It's just an hour's drive from Lexington, Kentucky, to Wlliamstown, Kentucky, and here I am at this place I've been curious about for years, The Ark Encounter.
Built in 2016 by Queenslander creationist Ken Ham, according to the website, the Ark Encounter features a full-size Noah's Ark, built according to the dimensions given in the Bible (510 feet long, 85 feet wide, and 51 feet high).
Some visitors find God here and others call it a tourist trap. What's it gonna be for me?
I can't convince anyone in my family to go, so the last leg of the journey is just me and the open road.
Earlier in the day we drove through Bardstown, the bourbon capital of the world. Now as I fiddle with the dial on my parents' car, all I can find are ultra-Christian radio stations.

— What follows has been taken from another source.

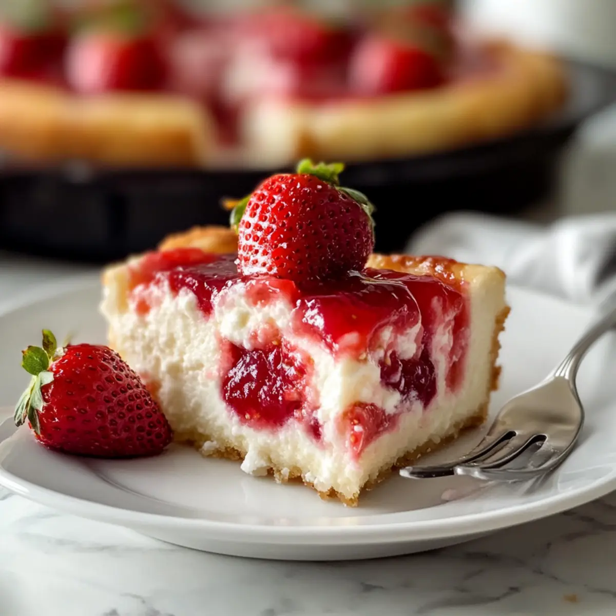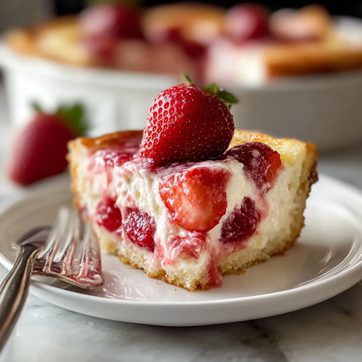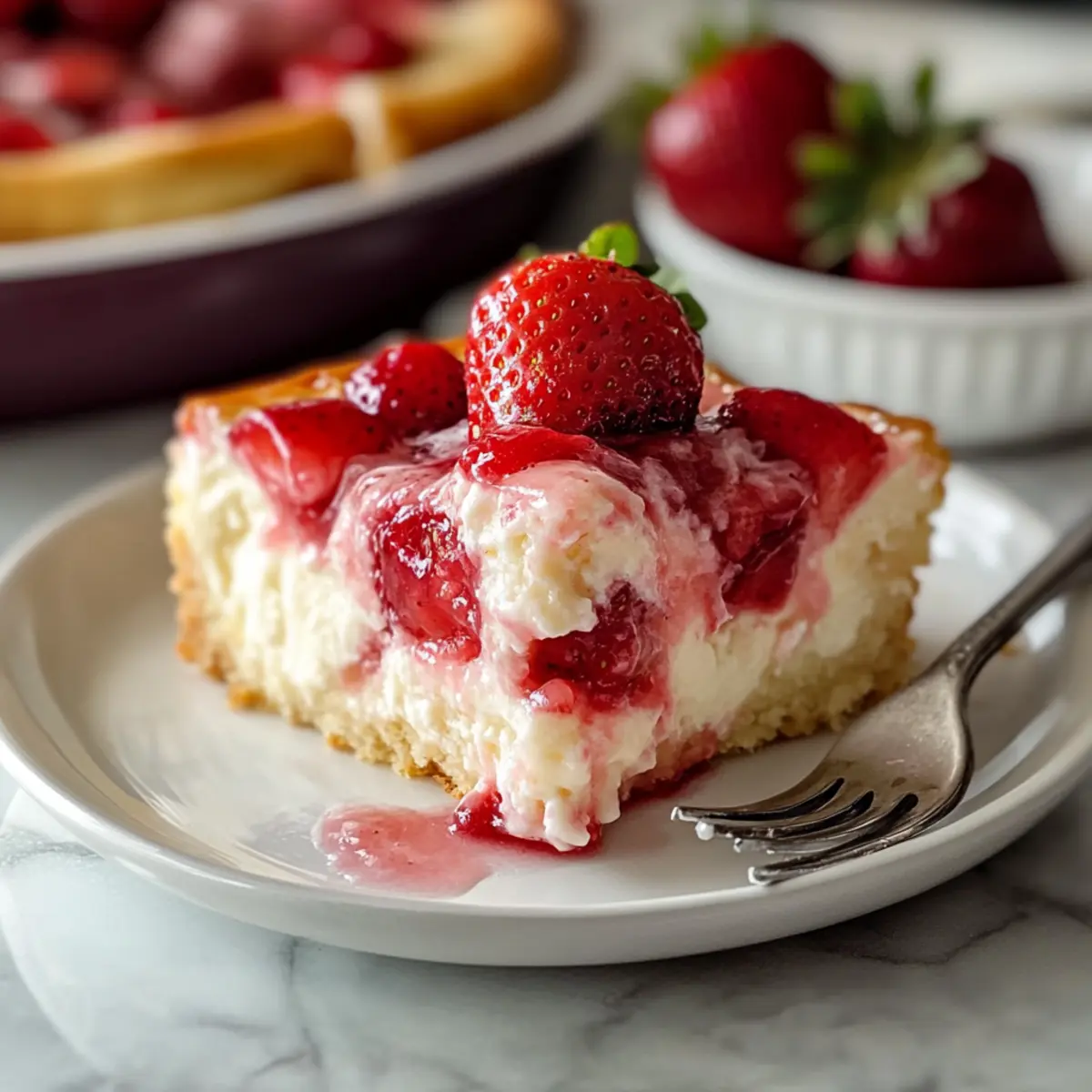 Jump to Recipe Print RecipeAs I pulled my first slice of Strawberry Cheesecake Dump Cake from the oven, the warm, inviting aroma of baked strawberries wrapped around me like a cozy hug. This delightful dessert is the perfect combination of creamy cheesecake and fruity sweetness, all wrapped in one easy-to-make treat. What makes this Strawberry Cheesecake Dump Cake special is not just its mouthwatering taste but also how quickly it comes together—ready in under an hour! Plus, its no-fuss “dump” method means you can enjoy homemade goodness without the stress of complicated baking. Whether you’re looking to impress at your next gathering or simply whip up something comforting for a quiet night at home, this dessert is a true crowd-pleaser. Ready to dive into the deliciousness? Let’s get baking! Why Is This Dessert So Irresistible? Quick and Easy: No need to spend hours in the kitchen; this Strawberry Cheesecake Dump Cake is put together in just about an hour! Delicious Layers: The creamy cheesecake base combined with fruity strawberry filling creates a flavor explosion that’s hard to resist. Versatile Options: Feel free to swap the strawberries for blueberries or cherries to switch things up, making it adaptable for any palate. Perfect for Any Occasion: Whether it’s a casual family dinner or a festive get-together, this cake is a showstopper that will leave your guests raving. Serve Warm: Enjoy it fresh from the oven for the ultimate indulgence—add a scoop of ice cream or a dollop of whipped cream for that extra touch! For more delicious recipes, don’t miss my Berry Peach Cheesecake or the delightful Churro Cheesecake Indulge. Strawberry Cheesecake Dump Cake Ingredients For the Cheesecake Layer • Cream Cheese – Provides a creamy, rich texture; Neufchâtel cheese can be used for a lighter version. • Granulated Sugar – Adds sweetness to the cheesecake layer; no substitutes recommended for this key ingredient. • Vanilla Extract – Infuses flavor and enhances sweetness; can be substituted with almond extract for a different flavor profile. For the Strawberry Base • Strawberry Pie Filling – Forms the fruity base of the cake; alternative options include blueberry or cherry pie fillings. • Fresh Strawberries – Adds freshness and a burst of flavor; can replace with other fresh fruits like raspberries. For the Cake Mixture • Yellow Cake Mix – Serves as the dry bulk of the cake; a gluten-free cake mix can be used for gluten-sensitive individuals. • Unsalted Butter – Provides moisture and richness to the cake mix; vegetable oil can be used for a dairy-free option. • Milk – Incorporates moisture into the cake mix; any non-dairy milk can be used if desired. • Cinnamon (optional) – Enhances flavor and adds warmth; omit if not preferred or add nutmeg for variation. Make sure these ingredients are on your shopping list to create the delightful Strawberry Cheesecake Dump Cake that everyone will love! Step‑by‑Step Instructions for Strawberry Cheesecake Dump Cake Step 1: Preheat and Prepare Begin by preheating your oven to 350°F (175°C). While the oven warms up, lightly grease a 9×13-inch baking dish with cooking spray or butter. This will ensure your Strawberry Cheesecake Dump Cake releases easily once baked. Gather all your ingredients for an efficient cooking experience! Step 2: Mix the Cream Cheese Filling In a mixing bowl, combine softened cream cheese, granulated sugar, and vanilla extract. Using a hand mixer or a spatula, blend the mixture until it becomes smooth and creamy. This should take about 2-3 minutes. Be sure there are no lumps; this will ensure a lovely texture in your cheesecake layer. Step 3: Layer the Strawberry Base Spread the strawberry pie filling evenly across the bottom of the prepared baking dish. Next, artfully layer fresh strawberries on top of the pie filling, ensuring they are distributed evenly. This vibrant layer not only adds flavor but also creates a beautiful presentation for your Strawberry Cheesecake Dump Cake. Step 4: Add the Cream Cheese Mixture Pour the creamy cream cheese mixture over the layered strawberries, gently spreading it to cover the fruit evenly. Take care not to disturb the fruit layer too much; you want those beautiful strawberries to shine through once baked. This will create a delightful creamy layer in your dessert. Step 5: Prepare the Cake Mixture In a separate bowl, combine the yellow cake mix with melted unsalted butter and milk. Stir until just combined, being cautious not to overmix; a few lumps are perfectly fine. This cake mix will form the topping for the Strawberry Cheesecake Dump Cake, lending it moisture and sweetness. Step 6: Top and Sprinkle Pour the cake mixture evenly over the cream cheese layer, using a spatula to smooth it out gently. If desired, sprinkle a touch of cinnamon over the top for an aromatic kick. This adds warmth to your cake, enhancing the overall flavor profile beautifully. Step 7: Bake to Perfection Place the baking dish in the preheated oven and bake for 40-45 minutes. Keep an eye on it; you’re looking for a golden brown top and bubbling edges. When done, the aroma will fill your kitchen, signaling that your Strawberry Cheesecake Dump Cake is ready to be enjoyed! Step 8: Cool and Serve Once baked, carefully remove the dish from the oven and allow it to cool for about 10-15 minutes. This cooling period helps the layers to set properly. Serve warm for the best flavor, and consider adding a dollop of whipped cream or a scoop of ice cream on top for a truly indulgent experience! Make Ahead Options These Strawberry Cheesecake Dump Cakes are a fantastic option for meal prep, allowing you to enjoy homemade indulgence with minimal hassle! You can prepare the cream cheese mixture and layer it over the strawberries up to 24 hours in advance; simply cover tightly and refrigerate to maintain freshness. Additionally, the cake mixture can be prepped and stored separately in

The Ark Encounter is based on Genesis, the first book of the Bible. Noah was a prophet who built a huge boat on dry land, as God told him that the world was too full of evil and he planned to flood it. It started raining and Noah gathered his family and a male and female of each animal species and sailed around until all other living things had drowned. Then the waters subsided and God sent a rainbow as a promise that he'd never do some crazy thing like that again.
Today is the most money or time I've spent on anything connected to the Christian faith since I stopped going to church at age 18.

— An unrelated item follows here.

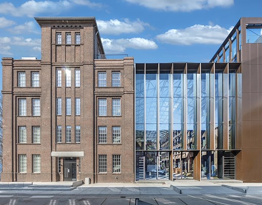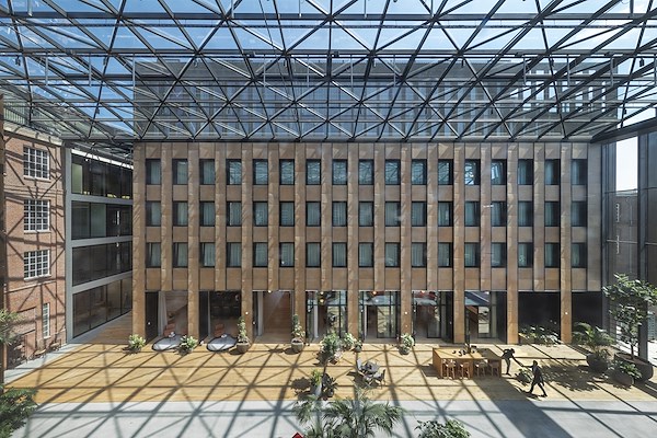 Het complex ademt zijn historie: terwijl de rode bakstenen muren getuigen de oorspronkelijke industriƫle architectuur tonen, verwijzen nieuwe atriumwanden met leren bekleding naar de historische productie. In het royale atrium komen oud en nieuw samen. De diepe lamellen van de nieuwe gevel zijn subtiel voorzien van historische afbeeldingen.

Part of me just admires the blatant effort that went into making it. There's a glorious absurdity to it that puts a smile on my face, kind of like hearing a lecturing preacher holler through the airwaves while you drive through bourbon country.
It's $15 to park at the ark and another $60 (before tax) to tour the ship. There's plenty of other things to do as well including the petting zoo, ziplining, the all-you-can restaurant, religious talks, a place called "the answers centre" and more.
I read about the "ark-tistic" licence and raise my eyebrows a little bit as I read criticisms of evolution. They believe Noah brought dinosaurs on the ship. It would probably seem ridiculous to most Australians, but after growing up in the Bible Belt, I barely bat an eyelid.
Deck one is all about exploring the animals (no actual animals live on the Ark Encounter, but there are heaps of wooden cages and animal sounds).
Deck two has a movie and a lot of creative licence around the pre-flood world. Throughout the first and second floor there are also dioramas of Noah and his family.
Deck three explores the living quarters and compares and contrasts creationism to evolution. A Museum of the Bible exhibit wraps things up and you're encouraged to take a pamphlet and repent, be saved, et cetera.
Once I start interviewing visitors here about their transcendental experiences, I feel guilty about my amusement. Imagine I went on a holy trip somewhere else in the world, just for kicks.
Sadly, the huge Emzara's Buffet closes before I finished my tour. I settle for a $12 bag of Uncle Leroy's Caramel Corn, pleased that the summer sun is still out.
I think about the ark on my drive home. I know people who would be critical of everything it stands for. Other people I know have visited it and loved it. There are valid criticisms and concerns around some parts of this experience. I doubt I'll ever go back, but I have no judgement towards anyone who visits. Whatever floats your boat.